Grados, quién la reconoce y cómo recurrir una denegación
Resumen rápido: La incapacidad permanente es la situación del trabajador que, tras haber recibido el tratamiento prescrito, presenta reducciones anatómicas o funcionales graves, previsiblemente definitivas, que disminuyen o anulan su capacidad laboral, y que da derecho a una prestación económica de la Seguridad Social según su grado.
Definición flash: La incapacidad permanente es la reducción grave y previsiblemente definitiva de la capacidad laboral que da derecho a prestación de la Seguridad Social.
Etiqueta lingüística
«Permanente» no significa aquí para siempre y sin vuelta atrás. La ley habla de reducciones previsiblemente definitivas, y eso deja abierta la revisión: una incapacidad permanente puede revisarse si la situación cambia.
Definición técnica
Tres preceptos de la Ley General de la Seguridad Social ordenan la figura. El artículo 193 la define: la situación de quien, tras el tratamiento prescrito, presenta reducciones anatómicas o funcionales graves y previsiblemente definitivas que disminuyen o anulan su capacidad laboral. El artículo 194 establece los grados, que es lo que determina el alcance. Y el artículo 196 se ocupa de la prestación económica que corresponde a cada uno. Sin el grado no se sabe qué se reconoce, porque las consecuencias de cada uno son distintas.
Aplicación práctica
Lo que decide estos expedientes es la prueba médica, y conviene reunirla antes de que se valore: informes de los especialistas que han tratado el caso, con descripción de las limitaciones funcionales y no solo del diagnóstico. Un diagnóstico grave sin limitación descrita rinde menos que una limitación bien documentada. Y si la resolución no reconoce el grado que se esperaba, hay plazos cortos para reclamarla.
Contexto legal en España
La incapacidad permanente se distingue de la temporal por lo previsible de la situación, no por el tiempo transcurrido, y esa distinción es la que ordena el paso de una a otra. Leer las dos figuras juntas ayuda a entender por qué el alta en la temporal puede abrir el expediente de la permanente.
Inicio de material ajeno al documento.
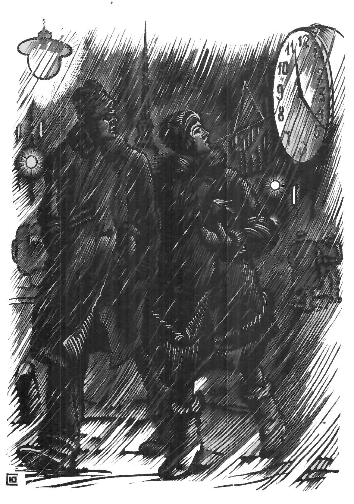 На перекрестке двух людных улиц движение остановило Андрея. В хлопьях снега шли перед ним пешеходы, трамваи, автомобили, автобусы. Светлый диск больших электрических часов висел над перекрестком, как солнце.

Normas clave a tener en cuenta
- Ley General de la Seguridad Social, artículo 193 (definición de incapacidad permanente)
- Ley General de la Seguridad Social, artículo 194 (los cuatro grados de incapacidad permanente)
- Ley General de la Seguridad Social, artículo 196 (naturaleza de la prestación económica por grado)
- Ley General de la Seguridad Social, artículo 198 (compatibilidad de cada grado con el trabajo)
Qué no es / diferencias clave
- Incapacidad temporal
- Es la baja médica: una situación transitoria mientras se recibe tratamiento y con expectativa de recuperación. La permanente presupone que las limitaciones son previsiblemente definitivas.
- Discapacidad
- El grado de discapacidad lo reconocen las comunidades autónomas con otros criterios y otros efectos, como beneficios fiscales o de acceso al empleo. Son procedimientos distintos y compatibles.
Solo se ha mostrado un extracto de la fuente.